CANS-MCI compared to full professional neuropsychological evaluations for MCI. 1,2
The research reported here (as
well as on our other webpages) was supported by the National Institute
on Aging, National Institute of Health (1R43AG1865801 and 2R44AG18658-02).
To determine the ability of the CANS-MCI as an accurate screen for mild cognitive impairment (MCI) in primary care offices we compared scores on the CANS-MCI with the results of a full, independent neuropsychological examination. We used logistic regression models to predict the dichotomous outcomes of MCI vs normal cognitive functioning (as determined by the neuropsychological exam). Because education and associated cognitive reserve can affect scores on measures of cognitive impairment(3,4) we separated our sample into individuals with a high school degree or less (N=26) and those with schooling beyond high school (N=57). Gender and age were included in the model. We ran receiver operating characteristic (ROC) analyses to calculate the sensitivity (the proportion of persons who have MCI that are defined as having MCI) and specificity (proportion of persons who have normal cognitive functioning that are defined as having normal functioning) of the CANS-MCI.
The regression model statistics were very strong (see Table 1) indicating a good fit of the data to the model.(3,4) The CANS-MCI has extremely high levels of sensitivity and specificity (100%) in classifying those with an education up to a high school degree. The optimum sensitivity and specificity for those with 13+ years of education is lower (92%; 88%) but still excellent (see Table 2).

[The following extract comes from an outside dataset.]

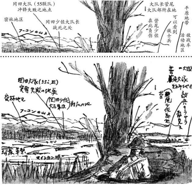 井上咸所绘孟关之战与冈田大队长战死的经过(虚线以上为译文)
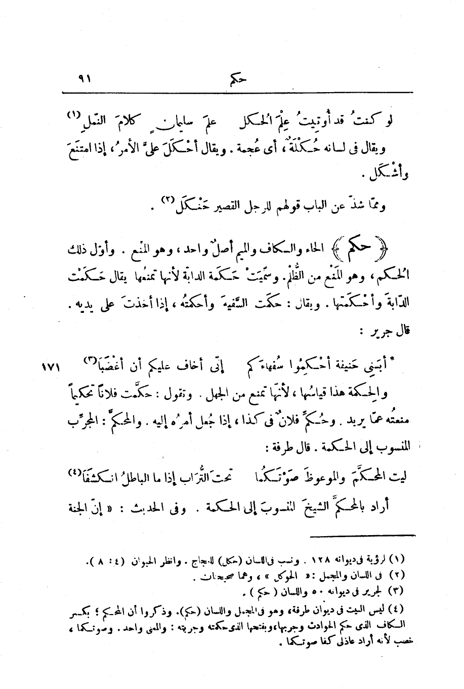 وَالْحِكْمَةُ هَذَا قِيَاسُهَا، لِأَنَّهَا تَمْنَعُ مِنَ الْجَهْلِ. وَتَقُولُ: حَكَّمْتُ فُلَانًا تَحْكِيمًا مَنَعْتُهُ عَمَّا يُرِيدُ. وَحُكِّمَ فُلَانٌ فِي كَذَا، إِذَا جُعِلَ أَمْرُهُ إِلَيْهِ. وَالْمُحَكَّمُ: الْمُجَرِّبُ الْمَنْسُوبُ إِلَى الْحِكْمَةِ. قَالَ طَرَفَةُ:

These findings indicate the CANS-MCI can be a useful screening measure to determine if a person needs to be extensively assessed and monitored for cognitive impairments.
Table 1: CANS-MCI Logistic Regression 1
Nagelkerke R2 Predicted Classification
Table 2: ROC Analyses 1
We performed the same analyses using factor scores on the 74 subjects who returned a year later. Despite small numbers of subjects to date, these data indicate that the overall probability that a full neuropsychological evaluation will indicate MCI can be effectively predicted.
The regression model statistics for the 1-year follow-up evaluations were strong but limited by small sample size. The algorithms correctly classified 85% of participants with a high school degree or less (Chi-square = 11.7; Nagelkerke pseudo-R2 =.63 ) and 80% of those with at least some college (Chi-square = 31.4; Nagelkerke pseudo-R2 =.59) indicating a good fit of the data to the model (Table 3). The CANS-MCI has good levels of sensitivity and specificity in classifying those with an education up to a high school degree. The optimum sensitivity and specificity for those with 13+ years of education is lower but still excellent.
ROC curve analyses on the two educational levels revealed that cut-points lead to sensitivities/specificities of .93/.83 (<=12 yrs) and .84/.74 (13+ yrs). Areas under the curve were high (.917 for <= 12 yrs education and .888 for 13+ yrs) (Table 4).
Table 3: CANS-MCI Logistic Regression Analyses 2
Table 4: CANS-MCI ROC Curve Analyses 2
The results are impressive given that: 1) this study used a community sample with a lower incidence of MCI than the clinical samples often used; 2) the CANS-MCI screens for MCI which is much more difficult to detect than diagnosable AD (the standard used to validate many other tests); and 3) the CANS-MCI is meant to be used longitudinally, further increasing the sensitivity and specificity by comparing each person to his or her own previous performance. The CANS-MCI creates recommendations to primary care doctors concerning more extensive neuropsychological and/or imaging evaluations, even in those people who are still above average despite declines worthy of extra medical attention. As new treatments evolve (e.g Flurizan) that will stop but not reverse the progression of cognitive decline, the earliest possible identification of decline in primary care offices will become critical.1. Jane B. Tornatore, PhD, Emory Hill, PhD, Jo A. Laboff, MSW, Brian Fogel Preliminary Screening for Mild Cognitive Impairment (MCI): Using the CANS-MCI in Primary Care to Determine Need for Imaging.
9th International Conference on Alzheimer's Disease, Philadelphia, PA, July, 2004.
2. Jane B. Tornatore, PhD, Emory Hill, PhD, Jo A. Laboff, MSW, Brian Fogel One year Follow-Up Analyses of Scoring Algorithms for a Mild Cognitive Impairment (MCI) Screen: The CANS-MCI Study. Alzheimer's Association International Conference on Prevention of Dementia: Early Diagnosis and Intervention, Washington, D.C., June, 2005.
3. Gifford DR, Cummings JL. Evaluating dementia screening tests: Methodological standards to rate their performance. Neurology 1999;52:224-227.
4. Lorentz WI, Scanlan JM, Borson S. Brief screening tests for dementia. Canadian Journal of Psychiatry 2002;47(8):723-732.